Start of Data to use

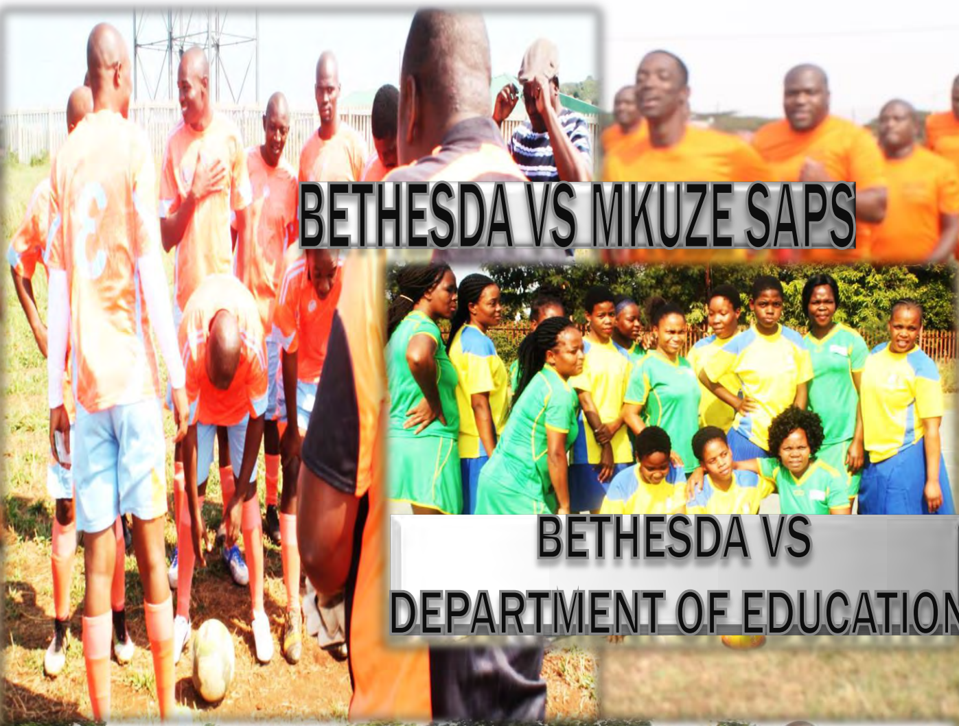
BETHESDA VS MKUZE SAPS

End of Data to use
Start of Data to use

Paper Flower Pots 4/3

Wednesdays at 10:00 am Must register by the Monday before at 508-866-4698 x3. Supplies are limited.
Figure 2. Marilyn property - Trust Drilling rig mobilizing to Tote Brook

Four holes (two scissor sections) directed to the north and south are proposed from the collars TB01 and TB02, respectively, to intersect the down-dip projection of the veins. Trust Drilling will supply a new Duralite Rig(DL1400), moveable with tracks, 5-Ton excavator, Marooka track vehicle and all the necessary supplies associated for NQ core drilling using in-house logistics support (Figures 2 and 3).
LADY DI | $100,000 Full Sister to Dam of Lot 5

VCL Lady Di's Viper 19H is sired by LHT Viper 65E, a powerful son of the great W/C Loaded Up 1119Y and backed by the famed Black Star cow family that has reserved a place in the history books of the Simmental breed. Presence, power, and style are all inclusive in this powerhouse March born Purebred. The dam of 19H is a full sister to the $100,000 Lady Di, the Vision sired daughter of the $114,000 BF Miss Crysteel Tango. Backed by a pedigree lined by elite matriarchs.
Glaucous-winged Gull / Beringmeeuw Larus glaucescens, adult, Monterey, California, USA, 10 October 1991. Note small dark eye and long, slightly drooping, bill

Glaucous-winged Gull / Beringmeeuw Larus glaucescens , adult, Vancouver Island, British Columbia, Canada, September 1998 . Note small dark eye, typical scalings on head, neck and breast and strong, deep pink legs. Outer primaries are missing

End of Data to use

• Assigned task:
Copy every line that contains "Drilling" from the listing above.

• Task response:
Figure 2. Marilyn property - Trust Drilling rig mobilizing to Tote Brook
Four holes (two scissor sections) directed to the north and south are proposed from the collars TB01 and TB02, respectively, to intersect the down-dip projection of the veins. Trust Drilling will supply a new Duralite Rig(DL1400), moveable with tracks, 5-Ton excavator, Marooka track vehicle and all the necessary supplies associated for NQ core drilling using in-house logistics support (Figures 2 and 3).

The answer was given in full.